P.Oxy. III 461 sec. III-IV d.C. Prov.: Oxyrhynchus (Bahnasa).

Cons.: Cambridge (MA), Harvard University, Houghton Library, inv. SM 3745.

Edd.: GRENFELL – HUNT 1903, pp. 117-118; HAUSMANN 1978, nr. XIII, pp. 71-72. Tav.: http://pds.lib.harvard.edu/pds/view/7456394

Comm.: MP3 275; LDAB 713; PACK2 1965, nr. 275; BLASS 1906, p. 283; FUHR 1903,

p. 1481; JOHNSON 2004, pp. 168, 194, 232. Dimensioni: cm 5,5 x 7,5.

Il papiro è indicato con la sigla Pap.2 nell’edizione “Les Belles Lettres”, a cura di G.

MATHIEU, Parigi 1947 e con la sigla Π461nell’edizione “Oxford Classical Texts”, a

cura di M.R. DILTS, Oxford 2002.

Il testo demostenico è vergato lungo le fibre sul recto di un frammento di rotolo che misura cm 5,5 x 7,5. Il verso rimane non scritto.

Del testo di Demostene si conserva una colonna di testo, mutila a sinistra e nella parte inferiore; in origine doveva avere un’ampiezza di circa cm 6 (JOHNSON 2004, p. 168).
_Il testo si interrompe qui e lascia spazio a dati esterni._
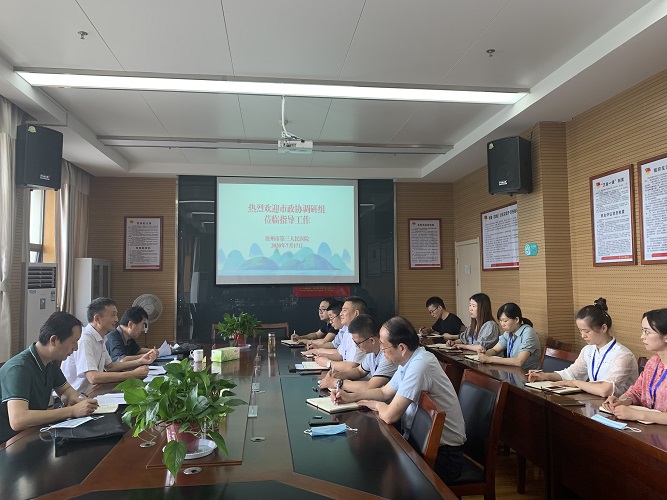 7月17日上午,市政協(xié)副秘書長胡江華、教科衛(wèi)體委主任陳建淮、秘書科科長李小瑜一行3人蒞臨市三院調(diào)研精神衛(wèi)生工作,市三院領(lǐng)導(dǎo)班子及相關(guān)科室負(fù)責(zé)人陪同。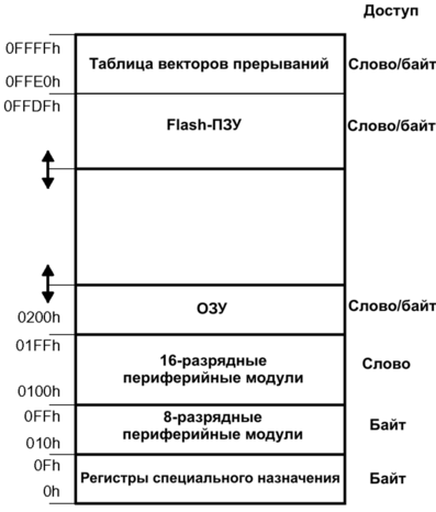 Периферийные модули отображены в адресном пространстве. Адреса с 0100 до 01FFh зарезервированы для 16-разрядных периферийных модулей. Они будут доступны с помощью команд-слов. Если используются однобайтные команды, допустимы только четные адреса, при этом старший байт результата всегда будет содержать «0».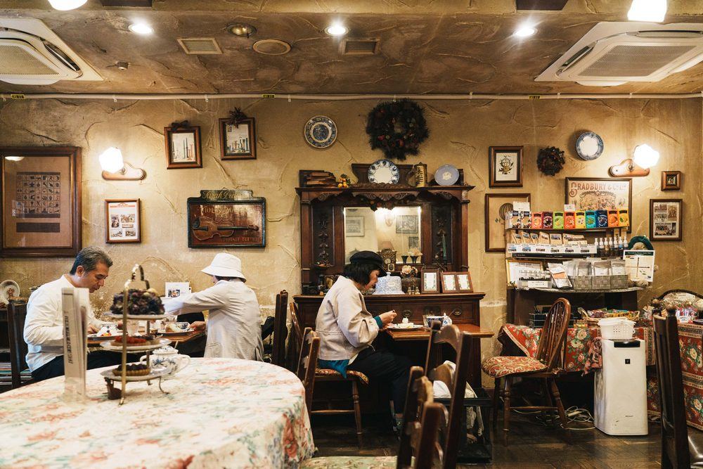 天神橋筋一隅,英式農村風格的西洋茶館,無論內用外帶皆需要登記排隊,只因門口陳列的蛋糕實在太吸引人。不若百貨公司地下街的精巧,反而帶有鄉間媽媽親手製作的暖意,讓人只想一塊接著一塊。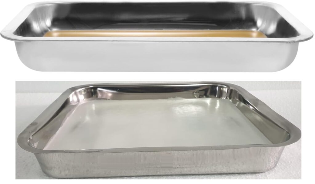 Metal dissection tray. The layer of wax in the bottom of the tray is used to pin tissues in place when dissecting medical and zoological samples and specimens.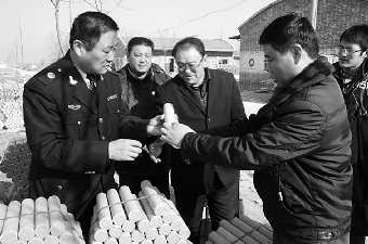 春节临近,烟花爆竹也进入销售旺季。近日,乐陵市安监局对辖区烟花爆竹生产单位开展安全检查。图为监察人员检查汇东花炮有限公司的爆竹原材料。 本报通讯员 战建荣 邢超 摄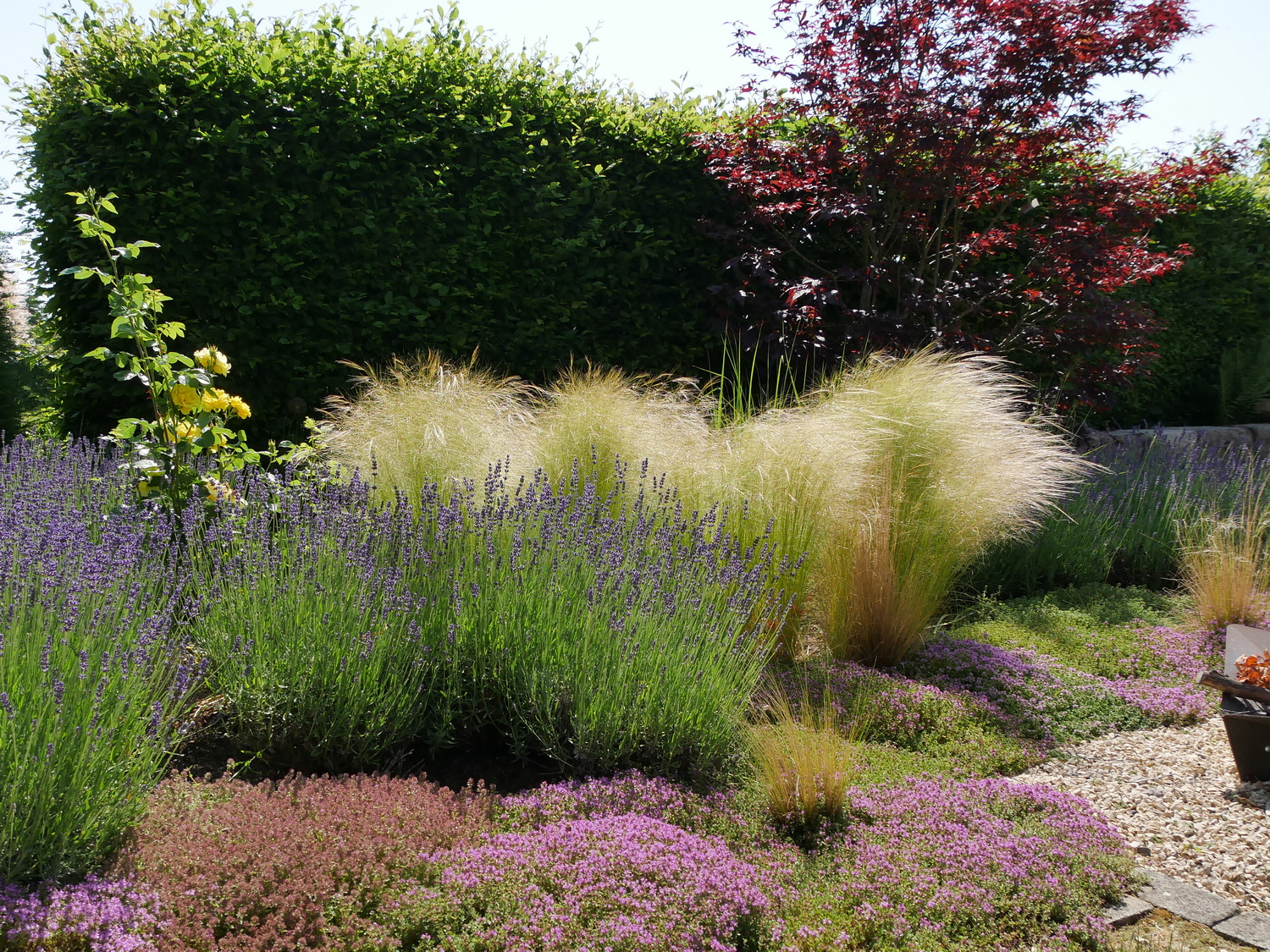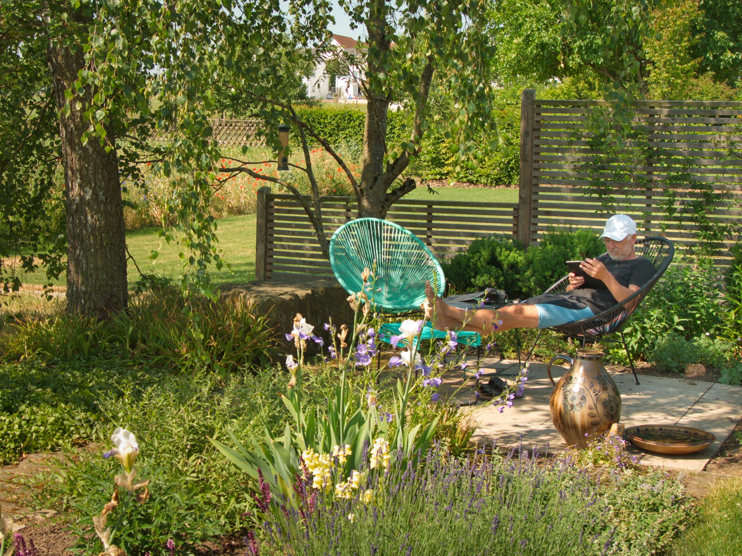 Im Frühjahr 2021 durften wir nach den Plänen der Gartenarchitektin Susanne Schäffer aus Kusterdingen einen Hausgarten in Kusterdingen-Wankheim verwirklichen. Bei unserem Besuch im Frühsommer 2023 waren wir begeistert – ein wahres Gartenjuwel mit üppig blühenden Rosen, Lavendel und Gräsern nahm uns in Empfang. Direkt am Haus lädt eine Terrasse mit Travertin-Natursteinbelag zu Grillabenden mit Freunden ein. Die große Rasenfläche ist von Staudenbeeten eingefasst. Schmale Wege führen zu zwei weiteren Sitzbereichen. Eine niedrige Hainbuchenhecke grenzt den Garten optisch zum Feld hin ab. Die Besitzer des Gartens haben uns herzlich empfangen und die Aufnahmen gerne gestattet. Sie sind immer noch begeistert von ihrer „grünen Oase“!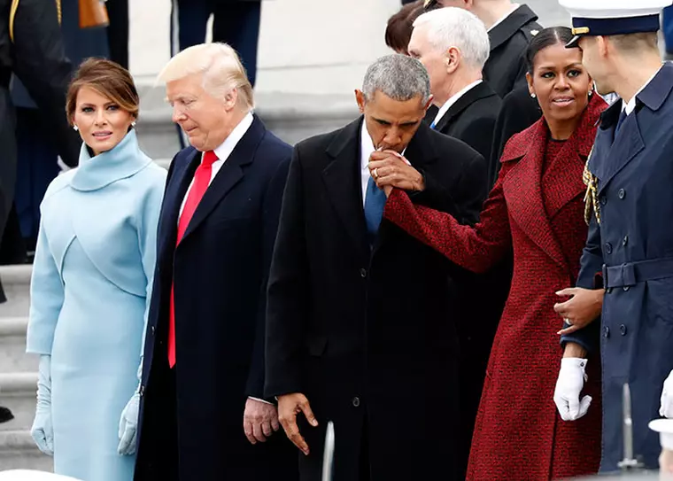 Comentariul psihologului: Imaginea aceasta arată clar două stiluri distincte de relații, una bazată pe atașament afectiv, cea a soților Obama, și una bazată pe interese comune, cea a soților Trump. Sunt două viziuni diferite de interacțiune umană, ambele având și plusuri, și minusuri. Obama pleacă privirea, sărută mâna soției pentru a își manifesta aprecierea față de Michelle, dar un motiv alternativ ar putea fi ignorarea prezenței lui Trump și tratarea lui cu spatele'. Nu este un gest protocolar. Cu toate acestea, Melania privește admirativ gestul lui Barack Obama, în timp ce Donald are privirea orientată înainte, către următorii 4 ani la Casa Albă, acesta fiind scopul cel mai important pentru el'.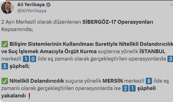 İstanbul ve Mersin merkezli çok sayıda şehirde düzenlenen iki ayrı dolandırıcılık operasyonunda toplam 56 şüpheli gözaltına alındı.İçişleri Bakanı Ali Yerlikaya şahısların; İdolFX, HunFx, RukaFX, SirusFX, ArosFx, Skybitpro ve Hit Capital adı altında 7 farklı firma üzerinden vatandaşlarla irtibat kurup kişileri dolandırdıklarını açıkladı.İstanbul ve Mersin olmak üzere 2 ayrı merkezli Sibergöz-17 operasyonlarında 15 ilde toplam 56 şüpheli yakalandı. Ayrıca operasyonlarda toplam 28 milyon 640 bin TL haksız kazanç elde edildiği tespit edildi.Yerlikaya'nın paylaşımında şu ifadeler yer aldı:"2 Ayrı Merkezli olarak düzenlenen SİBERGÖZ-17 Operasyonları Kapsamında;Bilişim Sistemlerinin Kullanılması Suretiyle Nitelikli Dolandırıcılık ve Suç İşlemek Amacıyla Örgüt Kurma suçlarına yönelik İSTANBUL merkezli 10 ilde eş zamanlı olarak gerçekleştirilen operasyonlarda 35 şüpheli;Nitelikli Dolandırıcılık suçuna yönelik MERSİN merkezli 8 ilde eş zamanlı olarak gerçekleştirilen operasyonlarda ise 21 şüpheli yakalandı.Bilişim Sistemlerinin Kullanarak Nitelikli Dolandırıcılık Yapanların Enselerindeyiz. Onlara Göz Açtırmayacağız. Emniyet Genel Müdürlüğü Siber Suçlarla Mücadele Daire Başkanlığı koordinesinde; İstanbul Siber Suçlarla Mücadele Şube Müdürlüğünce yapılan çalışmaları sonucu İstanbul merkezli İzmir, Antalya, Yalova, Balıkesir, Mersin, Ankara, Kocaeli, Siirt ve Tekirdağ'da düzenlenen "SİBERGÖZ-17" operasyonlarında Bilişim Sistemlerini Kullanarak Nitelikli Dolandırıcılık suçunu işleyen şüphelilerin;İdolFX, HunFx, RukaFX, SirusFX, ArosFx, Skybitpro ve Hit Capital adı altında 7 farklı firma üzerinden vatandaşlarla irtibat kurarak "Forex Yatırımı Vaadiyle Yüksek Kazanç" elde edeceklerini söyleyerek kişileri dolandırdıkları,Dolandırdıkları kişilerden 211.500 dolar haksız kazanç sağladıkları ve şüphelilerin banka hesap analizleri ve dijital materyallerde yapılan incelemelerde ise yaklaşık 28 milyon TL tutarında haksız kazanç elde ettikleri tespit edildi. Operasyonlar sonucunda çok sayıda dijital materyale el konuldu.Emniyet Genel Müdürlüğü Siber Suçlarla Mücadele Daire Başkanlığı koordinesinde; Mersin Siber Suçlarla Mücadele Şube Müdürlüğünce yapılan çalışmalar sonucu Mersin, Mardin, Adana, Antalya, İzmir, Samsun, Ağrı ve Malatya'da eş zamanlı olarak gerçekleştirilen "SİBERGÖZ-17" operasyonlarında şüphelilerin;Oltalama (Phishing) siteleri aracılığıyla ele geçirdikleri sosyal medya hesapları üzerinden "Yüksek Kazanç Vaadi" ile Bahis Kuponu reklamı yaparak vatandaşlarla iletişime geçtikleri ve Vatandaşlardan para talep etmek suretiyle toplam 640.000 TL haksız kazanç sağladıkları tespit edildi. Operasyonlar sonucunda çok sayıda dijital materyale ve 39 bin TL'ye el konuldu.İstanbul ve Mersin olmak üzere 2 Ayrı Merkezli Sibergöz-17 operasyonlarında 15 ilde toplam 56 şüpheli yakalandı. Ayrıca operasyonlarda toplam 28 Milyon 640 bin TL haksız kazanç elde edildiği tespit edildi.Operasyonları gerçekleştiren Kahraman Polislerimizi tebrik ediyorum. Milletimizin duası sizinle. SİBER SUÇLARLA MÜCADELEMİZ HIZ KESMEDEN DEVAM EDECEK."

Sopravvive una ridotta porzione del margine superiore; la sua ampiezza era certamente maggiore dei superstiti cm 0,9 (JOHNSON 2004, p. 194). Dell’intercolumnio destro sopravvive una porzione ampia circa cm 0,6.

Sono leggibili 14 righi, tutti mutili a sinistra. Stando alla ricostruzione degli editori principi, il numero delle lettere per rigo oscillerebbe tra 15 (rigo 12) e 20 (righi 3, 6), oppure 23 (cfr. nota 1). Non è possibile sapere se la Legge di Maas fosse rilevabile nella mise en page. Dall’osservazione del margine destro della colonna, si evince che lo scriba non ha praticato una giustificazione rigorosa dei righi, se non fosse per qualche isolato tentativo, come l’ingrandimento del ν finale al rigo 8, o il segno che indica la nasale al rigo 2.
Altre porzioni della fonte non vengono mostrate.